Even if JFR resolves all first-level Johnson classes, the resulting coloring may induce new large classes. PSS must hold at every recursive level. The current evidence does not rule out long cascades that compound to super-polynomial runtime even when each level appears polynomial in isolation.

§Two Open Problems Formalized

Open Problem 1

A Concrete Counterexample to PSS in the Johnson Case

Does there exist a graph G for which IS-JOHNSON-TYPE returns true but JFR-GASFR-PASS fails to make progress? Such a graph would be a concrete counterexample to PSS restricted to the Johnson case — and would map the precise boundary at which the Fourier approach breaks down.

Open Problem 2

Exact Computation of Bose–Mesner Idempotents

What is the complexity of computing BOSE-MESNER-IDEMPOTENTS exactly (over ℚ) for general coherent configurations? An exact algorithm would improve the robustness guarantee of the GASFR branch and remove dependence on numerical-precision approximations in the projector computation.

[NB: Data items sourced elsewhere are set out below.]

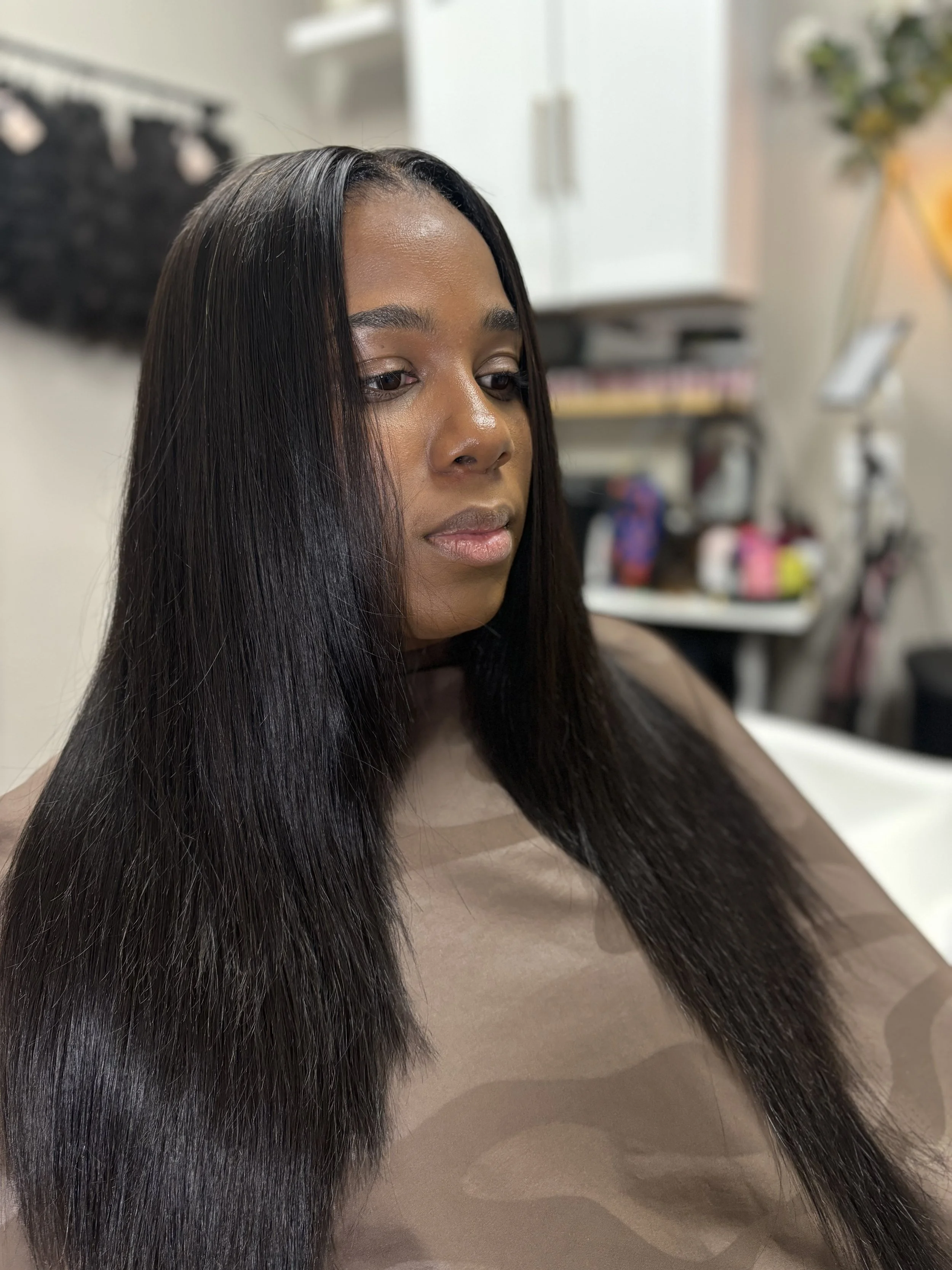 This is NOT a protective style, all hair is left out. Upkeep on this style is 2-4weeks for wash & treatments. Tape ins cannot be moved up, uninstall & reinstall is required ever 6-8weeks.
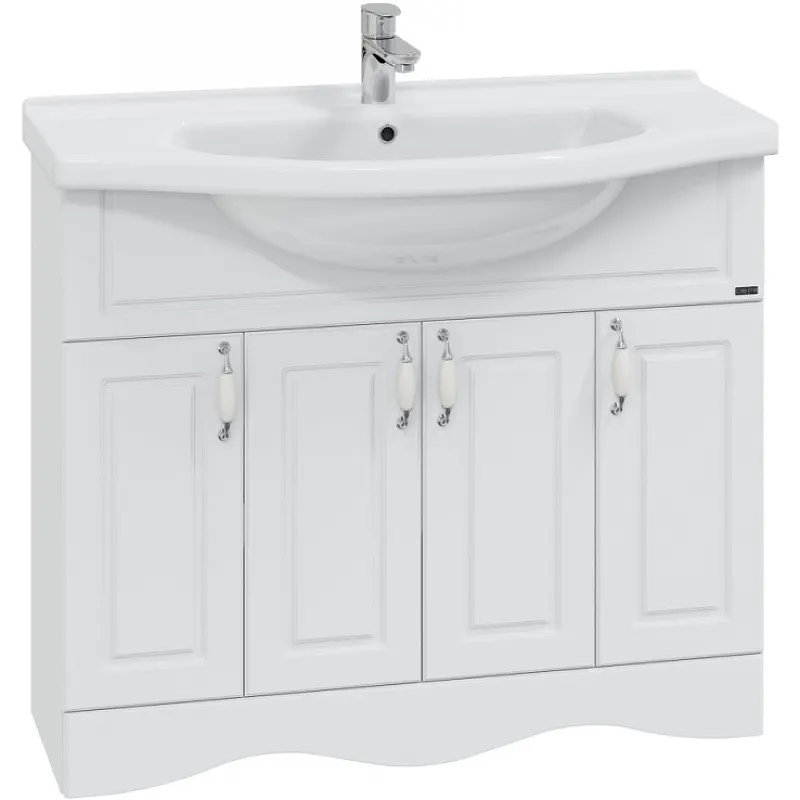 Тумба под раковину СанТа Верона 100 700114 Белая — идеальное решение для вашей ванной комнаты. Эта напольная тумба, выполненная в классическом стиле, станет неотъемлемой частью интерьера. Изготовленная из влагостойкого ЛДСП и МДФ, она обеспечит долговечность и устойчивость к влаге, что особенно важно в условиях ванной комнаты.
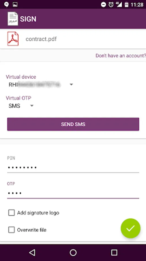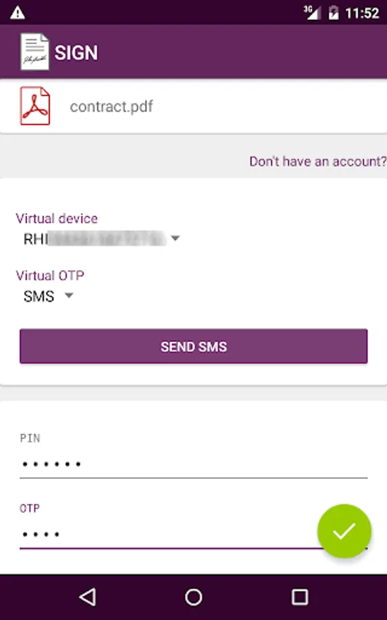 In case of digital signature you will need also to provide a "One Time Password" (OTP) that will expire as soon as you have used it.
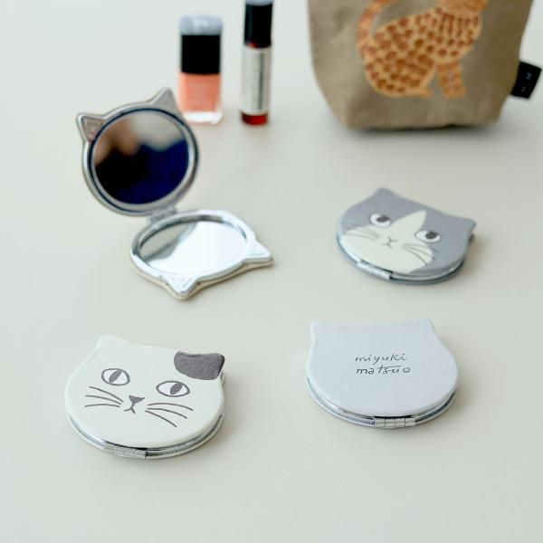 松尾ミユキ コンパクトミラー|猫 キャット 雑貨 手鏡 鏡 両面鏡 かわいい おしゃれ ミニ メイク直し 拡大鏡
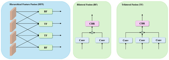 where denotes channel-wise concatenation, CBR represents a sequential combination of convolution, batch normalization, and ReLU activation, and both feature maps are aligned to the same spatial dimensions through bilinear interpolation when necessary. Specifically, we compute bilateral fusion features between two adjacent levels, resulting in and .
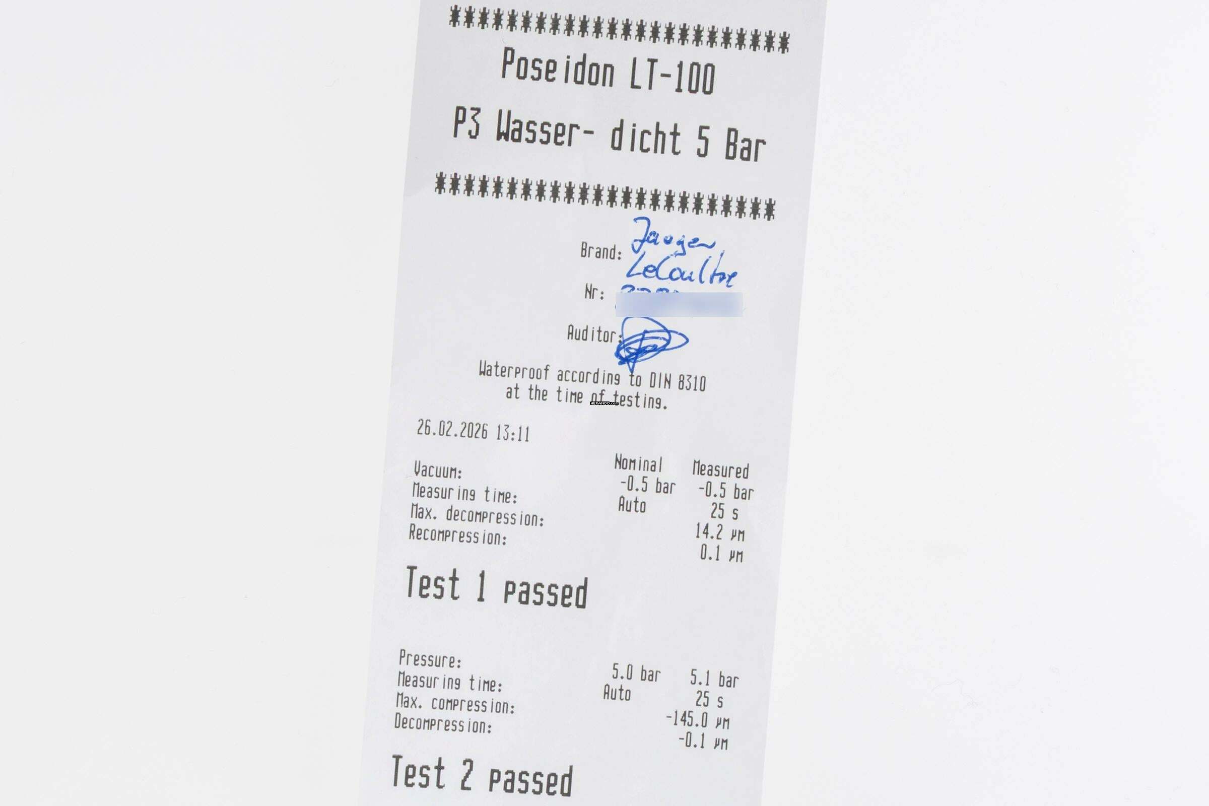 * Wenn die Uhr positiv auf Wasserdichtigkeit getestet wurde, dann gilt diese Eigenschaft zum Zeitpunkt der Messung. Wasserdichtigkeit ist nach DIN 8310 keine bleibende Eigenschaft. Sie sollte jährlich und vor besonderen Belastungen überprüft werden, da die eingebauten Dichtelemente in ihrer Funktion und im täglichen Gebrauch nachlassen. Einflüsse wie starke Temperaturschwankungen, Chlor, Seife oder Salzwasser wirken sich negativ auf die Wasserdichtigkeit aus.
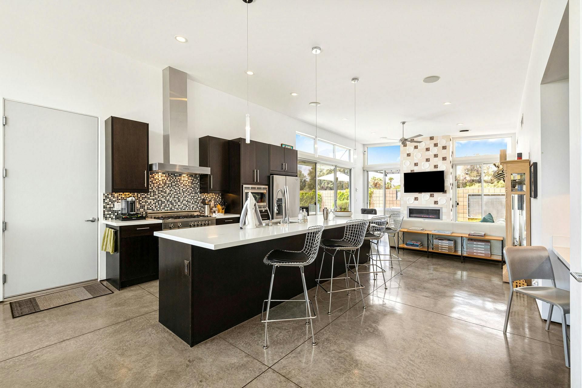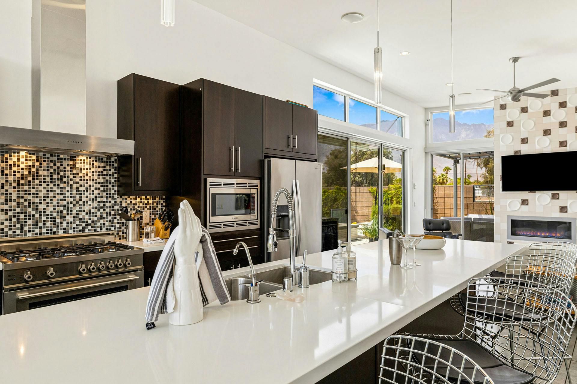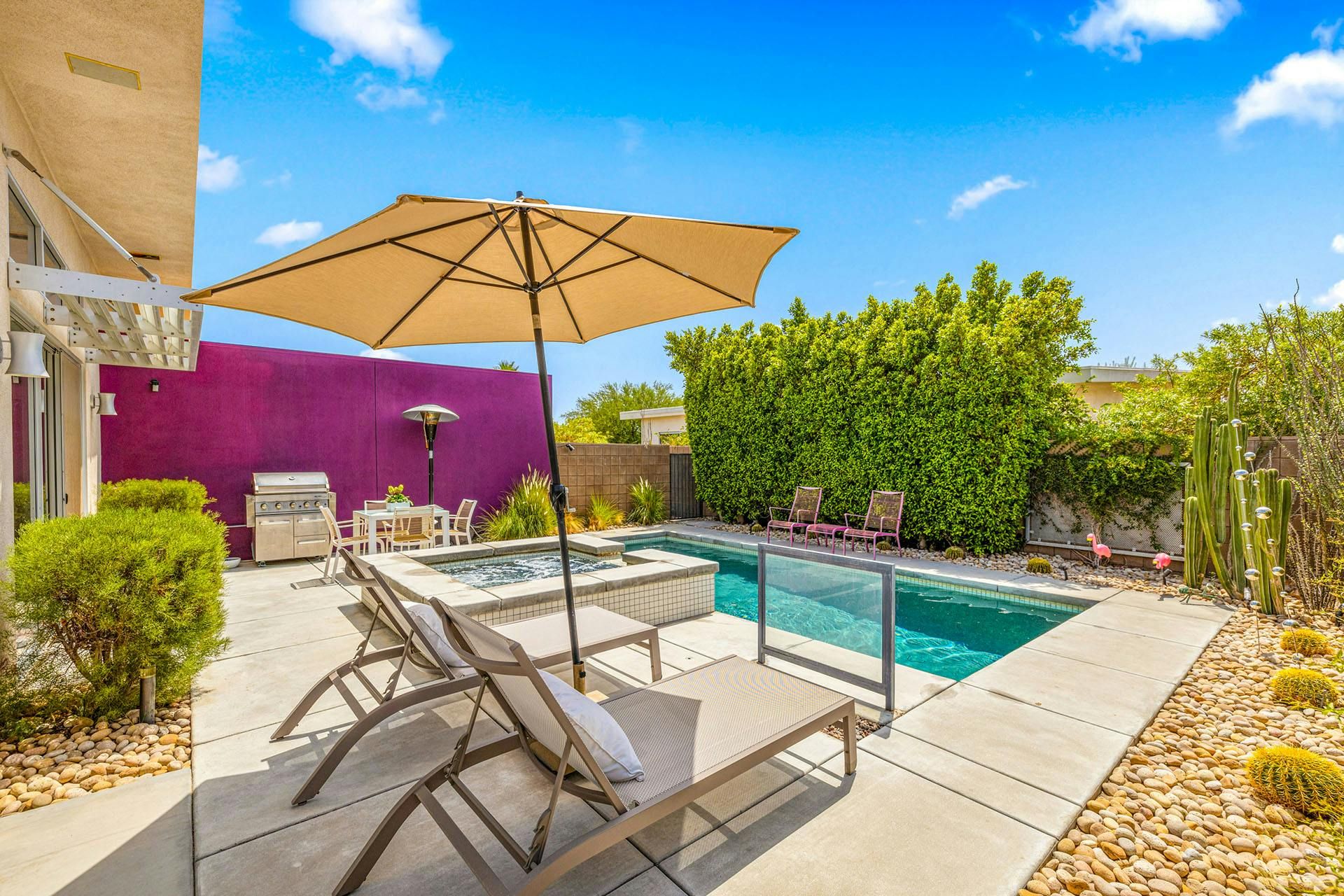 This luxurious Palm Springs home with mountain views is filled with things to keep you busy on your desert getaway. With a large living room, dining table and breakfast bar, there's plenty of space for dining and unwinding. Spend afternoons in the pool and jacuzzi before firing up the barbecue and dining on the terrace, then end the night with drinks by the firepit. When you're refreshed and ready to explore, downtown Palm Springs is full of fun shops and restaurants, while the scenery of Joshua Tree National Park, the hot springs, and Coachella Valley are all within an hour's drive.

The Central Open Question. The biggest open question raised by this work is whether PSS holds. If it does, REPCAN-v2 immediately yields a polynomial-time algorithm for graph isomorphism — closing one of the longest-standing open problems in algorithmic complexity. If PSS does not hold, the five formalized conjectures and the impossibility theorem together delineate a structured research program for narrowing the quasipolynomial gap one step at a time.

§Output Artifacts

The 6-step run produced a complete submission-grade research package:

ArtifactSizeContent
REPCAN_GI_Paper.tex 37 KB / 563 lines IEEE conference-format LaTeX source — abstract, intro, preliminaries, algorithm, analysis, experimental analysis, discussion, open problems, references
REPCAN_GI_Paper.pdf 130 KB Compiled PDF — typeset paper ready for arXiv or TCS workshop submission
graph-isomorphism-solution.md 15 KB The program.md that drove the run — reusable for variants
Audit trail Prime-power agent IDs for every iteration, scoring decisions, feedback exchanges

§Why This Matters

This case study demonstrates four claims that single-shot LLM use cannot:

  1. Multi-agent systems can produce original mathematical work. The output is not a literature survey or a restatement of known results — it is a new candidate algorithm, novel conjectures, and a previously-unrecorded impossibility result.
  2. Adversarial step design protects against survey drift. By explicitly tasking step 3 with breaking the algorithm against CFI/Paley/SRG hard families, the orchestration prevents the agents from declaring premature success.
  3. Honest failure analysis is contributive, not a defect. The CFI impossibility theorem only emerged because the design admitted "this approach fails on X" as a valid conclusion. A pipeline that rewards only positive results would have produced an overclaim.
  4. Convergence threshold matters. Lowering global_threshold from 0.85 to 0.82 (paired with raising max_iterations from 8 to 10) was the difference between agents settling for surveys and agents committing to refined proposals.

Honest Limitations

The paper itself is forthright about its limits — a property the system encoded as a goal, not a happy accident:

  • The O(n⁴ log n) bound is conditional on the PSS conjecture; unconditional bound matches Babai's quasipolynomial.
  • The CFI impossibility theorem proves the current approach cannot solve all GI instances — only those reducible to coherent configurations whose Bose–Mesner algebra separates the pair.
  • The five conjectures are conjectures, not lemmas — supported by structural argument and case analysis, not proven.
  • This is a candidate, not a settlement. The framework guarantees rigor in what it claims and what it does not claim.